The reversibility of AAS toxicity varies and can depend on user factors, the type, strength, and duration of AAS used, and the organ system involved (21). The effects of AAS on the hypothalamic pituitary adrenal (HPA) axis, for example, have shown reversibility in terms of recovery from oligospermia in many but not all patients (67). In terms of cardiac sequelae of AAS, various studies have shown opposing findings, with some demonstrating reversibility, while others do not. The HAARLEM study followed men aged ≥18 years who intended to use AAS and performed 3D echocardiography before, during, and one year after complete discontinuation of use, demonstrating reversibility in multiple measured parameters. Following a median recovery period of approximately 8 months, the measures of LV function, including LV mass, intraventricular end-diastolic septal thickness, and left ventricular end-diastolic posterior wall thickness, returned to baseline. Additionally, the left atrial volume and ratio of peak velocity of early to late diastolic waves, which had also been aberrant during the period of AAS use, also returned to within the normal range (43). Multiple individual cases have reported improvement in reduced EF as a consequence of AAS use following treatment with GDMT and non-pharmacologic strategies together with medication, such as the placement of left ventricular assist devices (LVAD) (68).

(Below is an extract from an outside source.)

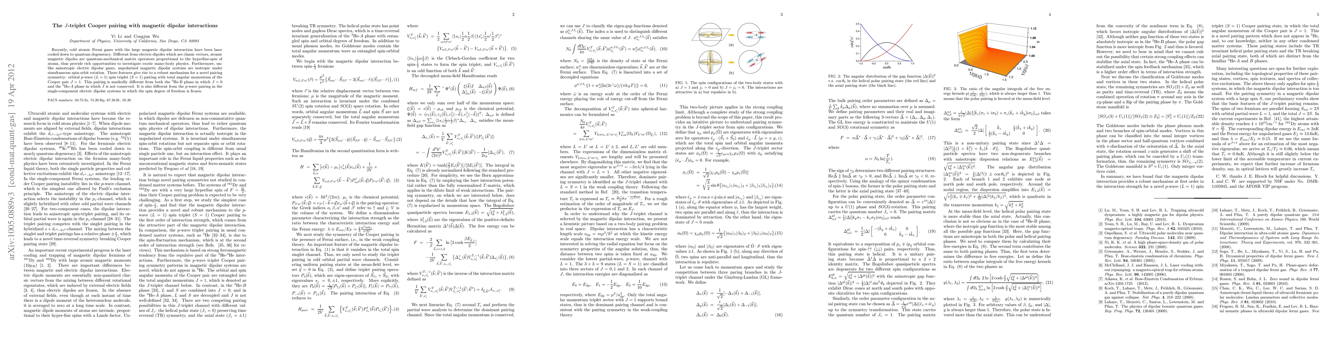 This paper investigates the novel J-triplet Cooper pairing in cold atomic Fermi gases with strong magnetic dipolar interactions, revealing an orbital p-wave spin triplet pairing with total angular momentum J=1, distinct from conventional pairing symmetries in $^3$He phases and electric dipolar systems.
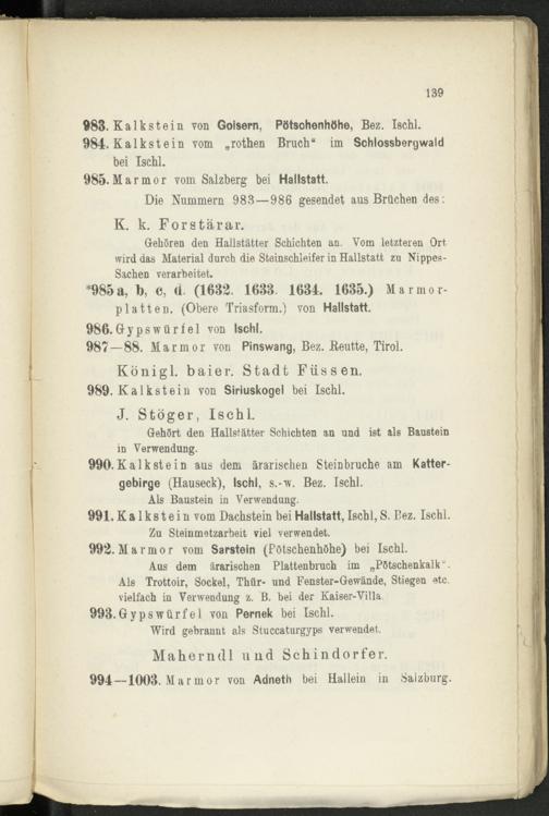 Gehören den Hallstätter Schichten an. Vom letzteren Ort wird das Material durch die Steinschleifer in Hallstatt zu Nippes- Sachen verarbeitet.

Conversely, other studies have reported contradictory findings indicating the irreversibility of AAS-induced cardiomyopathy. One study of athletes, comparing active users of AAS, former users who had been steroid-free for at least one year, and lifetime non-users, found that even after years of being steroid-free, former users still had slightly concentric left ventricular hypertrophy compared to lifetime non-users (65). However, other studies have reported mixed results regarding reversibility. One retrospective study that reviewed a group of patients with AAS-induced HF over the course of 4 years found that some patients had recovered EF with GDMT within the first six months of diagnosis, whereas others required referrals to cardiac transplantation and had LVAD placement with no improvement in EF (70). Further investigations are needed to evaluate whether reversibility is possible and the underlying mechanism.